I brought it upstairs and found a hammer and chisel, ready to try to force the thing open, but then I remembered a key ring I had of dad’s that I had put aside because it had the key for the storage locker we are renting for the bulk of things we took from their house several years ago when he moved into the retirement home. I found that, and lo and behold the key was on it. My heart was pounding. I just knew I was on the right track. There were a few things in there – photos of mom and my brothers, defunct stock certificates, letters to the bank, and a small plastic folio that contained the adoption papers for me and my brother.

I read through everything carefully several times, but sadly there was little information beyond what I already knew from the OBC.  The most interesting things I learned were that I was placed in my adoptive parents’ home on March 14, 1966 and the adoption was finalized (coincidentally, I presume) on my first birthday – December 27, 1966.

Two facts about this timeline:

First, I was 11 weeks old when I was placed in their home. I had been living in the Foundling Home for 11 weeks. Why the delay? Was that standard procedure? Where was my mother during that time? Who cared for me? What was my experience like there? I can’t help but think that for infant me that was a double whammy – taken from my mother and then taken again from whomever had been caring for me as a newborn – though I suppose it was not a single person, but rather whichever nurses were on duty. I am horrified at the idea of doing that to a newborn baby.

Second, either my mother had not given me a name or it was not recorded. So legally speaking I did not have a name until I was a year old. This irritates me on a childish level – either my mother chose not to give me the one single thing she could have given me, or the system denied her the right to do so. The former makes me sad and the latter makes me angry. I think I would prefer to be angry.

Leap of Faith

I composed a letter and sent it off to the ‘likely’ match my search angels gave me. I ran it past my natural mother friend and she gave it the thumbs up. I am going to be consumed with work in the coming week, so it will be good to distract me from obsessing. I figure she will get the letter Tuesday. Possible scenarios:

  1. She is not my mother. She has an incredulous chuckle, feels a bit sorry for me, and drops me an email to let me know it’s not her.
  2. She is my mother, but has hidden this from her family and does not want to connect for fear of exposing the truth to them. She might send me an email denying that she is my mother, or she might admit it and say not to contact her further. I think if this is the case the denial email would be different in tone from the one in scenario #1.
  3. She is my mother, but does not want to think about it. Radio silence.
  4. She is my mother, has hidden me from her family, but wants to contact in secret.
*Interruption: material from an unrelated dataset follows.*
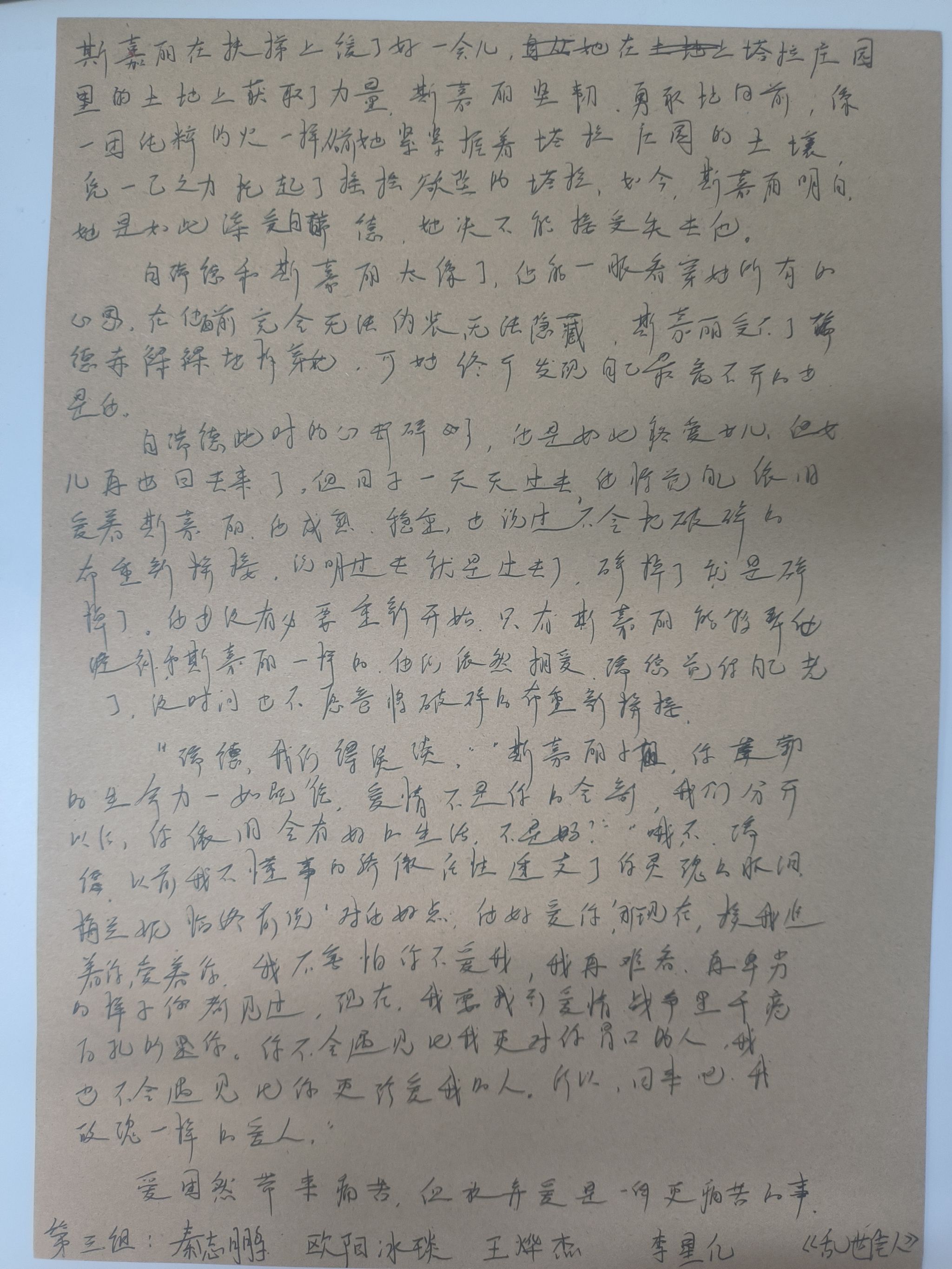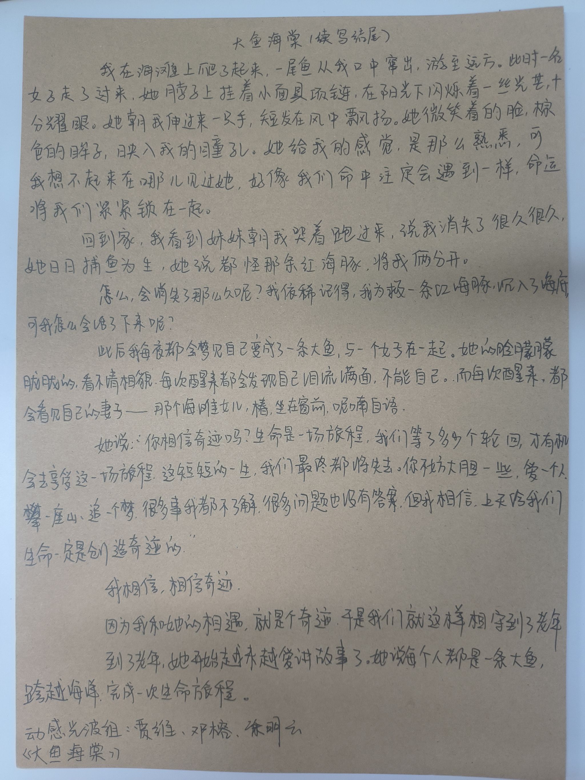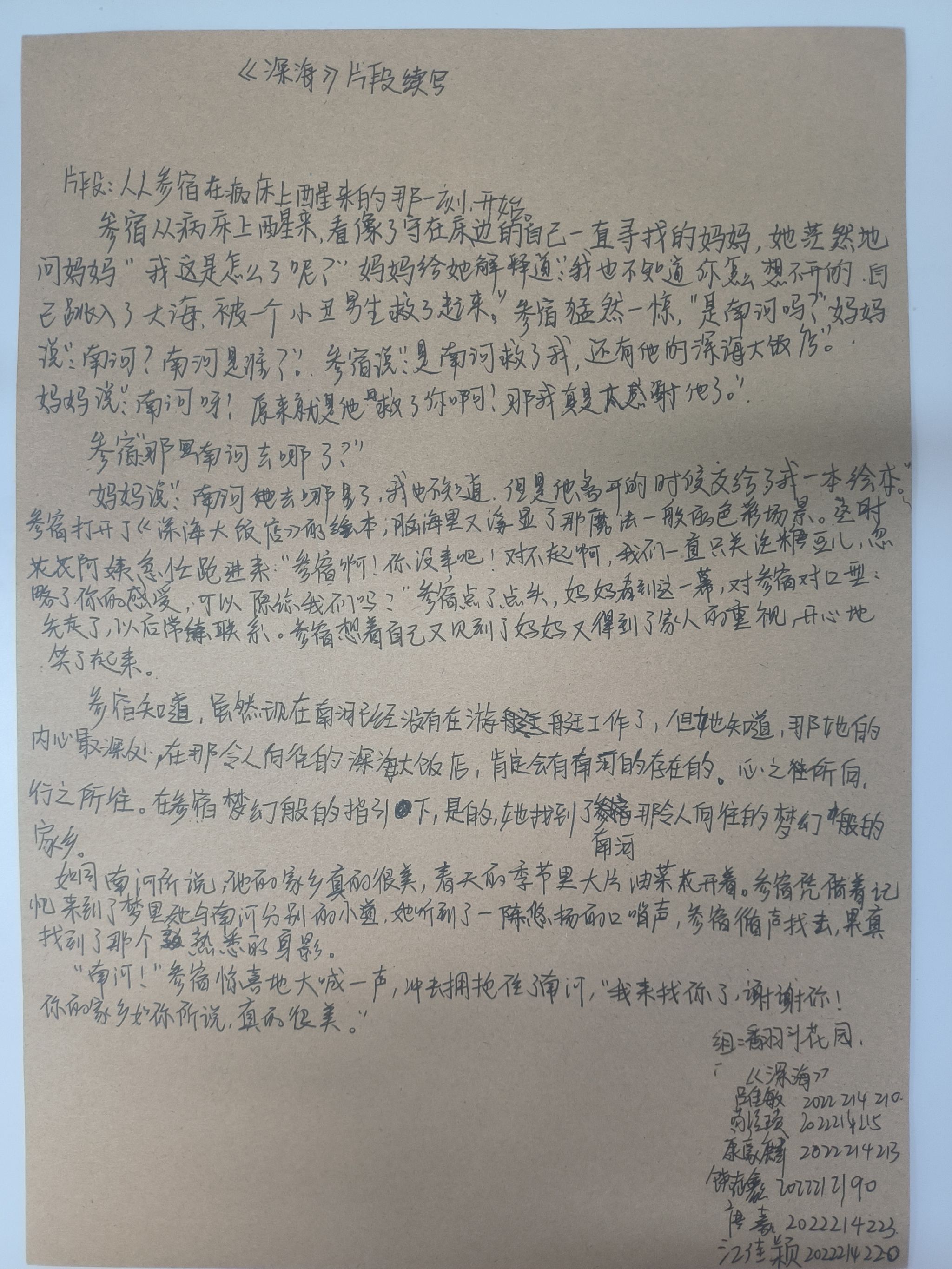写作组的同学也根据抽取到的电影尽情发挥想象力,协力合作,续写电影的结局或基于对电影情节的理解进行二次创作,用文字给心爱的角色一个希望“她”能拥有的结局。油皮纸上的一笔一划都是她们对美好的寄托,是她们给平行宇宙中的另一个自己创造出的避风港,也是对自己的希望和祝愿。吴润婕小组改写了《深海》的结局,把最珍贵的妈妈还给了参宿,吕佳敏小组则是把所有美好的东西都还给了参宿,妈妈的归来、南河的存活、爸爸和阿姨的醒悟,以及最后参宿与南河的重逢,两组同学都致敬了每一个行走在长夜里的人。世界上有太多“参宿”在等待着破茧而出,通过影片的映射,同学们也更能在感悟中发现自身的柔软之处,豁达待己,友善待他人。

We engage in a very slow clandestine relationship. Possibly at some point leading to revealing me to them.
  5. She is my mother and wants contact, whether she has already revealed my existence to her family or open to doing so.

I can’t think of any other potential situations than those, though there probably are more. I watched the mail truck take my letter away. Now we wait, again.

What’s in a Name?

I received my OBC on Wednesday, which was an amazing 10 day turnaround. Go Illinois Public Health Department! And there it was, staring me in the face. The name of my mother. Age 17. No name for me except her last name as my last name, no name for my birth father, but his age also noted as 17. Her address listed as 1720 W. Polk, which at the time was a home for unwed mothers called “The Foundling Home.” It’s all true. I am smack in the middle of the ‘Baby Scoop Era’ just like I thought.

I uploaded it to my Search Angels and within minutes they sent me the birth records for a “likely” match, and her Facebook page. It was so thrilling – this was IT!! And probably setting a landspeed record for discovery to identification! I spent hours combing through her Facebook page and the pages of the family I could identify, searching for commonality with myself or my daughters. I showed her picture to a few of my friends. Some said, ‘Yeah, totally’ but my longtime companion immediately said ‘No way.’ I began to doubt myself and ask ‘do I see  resemblance because I want to?’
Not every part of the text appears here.